5. Затем следуют аргументы из палеонтологии, изучающей окаменелости. Конечно, первое кажущаяся убедительным доказа­тельство следует из изучения геологических пластов, например, Великого каньона, где наблюдаются разнообразные пласты; чем ниже пласт, тем, кажется, более примитивны там остатки живых существ. Ученые датируют пласты по находящихся в них остат­кам.

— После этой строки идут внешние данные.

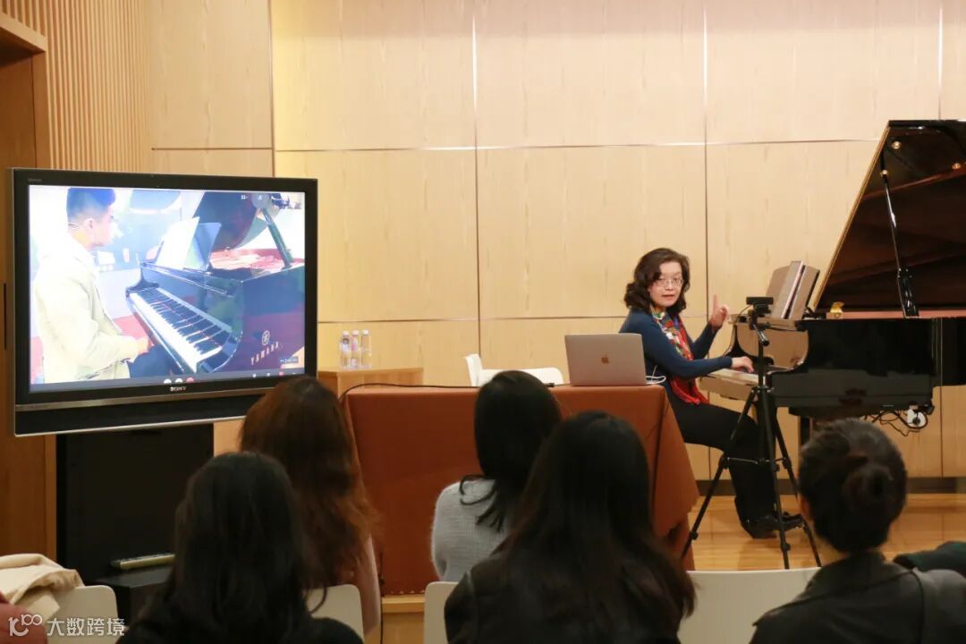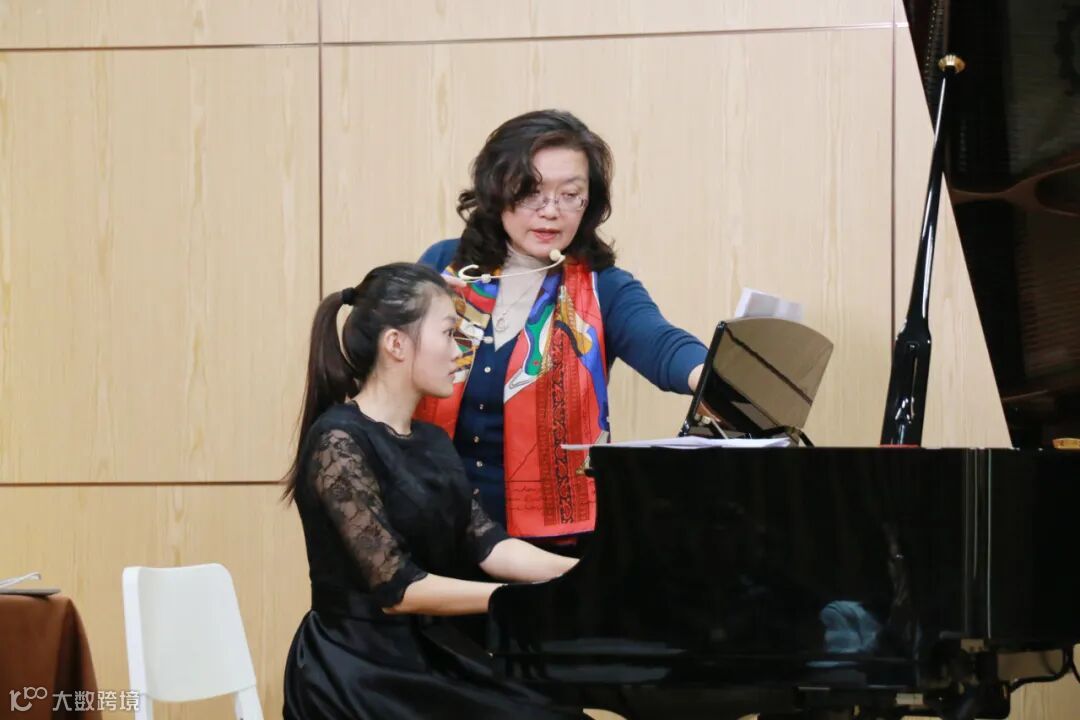 朴英教授从作曲的创作技法角度,分析了曲子的结构、和声以及句法的运用,通过丰富的创作技巧讲解,展示了作品原汁原味的民族风格在钢琴上的运用。
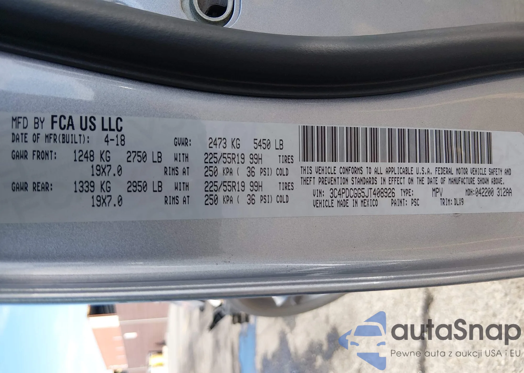 The car Dodge Journey 2018 (VIN 3C4PDCGG5JT408926) has not been auctioned before. The documents are clean, and the mileage matches or is below the market average. Sold by an insurance company – we recommend purchase. Delivery to the port will take approx. 6–8 weeks.

Эти пласты были обнаружены в девятнадцатом веке, и на­чалось определение их возраста; и теперь имеется в опреде­ленном смысле разработанная система, по которой ученые оп­ределяют, какие из пластов более древние, а какие более молодые.98 Однако сама система датирования требует доказа­тельства, так как часто пласты залегают «вверх дном», и их об­разование противоречит эволюционной модели,99 поэтому ученым приходиться приспосабливать свою систему к факти­ческому свидетельству получаемых данных. Также как и Пто­лемееву систему нужно было приспосабливать к фактической реальности (для этого были выдуманы эпициклы, так как не наблюдалось регулярности в движении планет относительно земли); так и эволюционисты, обнаружив, что согласно их те­ории геологические пласты залегают «вверх дном», вынужде­ны приспосабливать свою систему к фактическим научным данным. Они определяют возраст пластов согласно найденным в них окаменелостям. Но откуда им известно, что окаменелос­ти, находящиеся в этих пластах, располагаются в правильном порядке. Им это становится известно, когда кое-где они нахо­дят окаменелости, располагающиеся в «правильном» порядке согласно эволюционной модели, тогда-то они и разрабатыва­ют свою систему. И вполне естественно, если взглянуть на та­кую систему повнимательнее, то оказывается, что она сама нуж­дается в доказательствах. Таким образом, возникает необходимость веры в то, что такая система соответствует фак­тической реальности.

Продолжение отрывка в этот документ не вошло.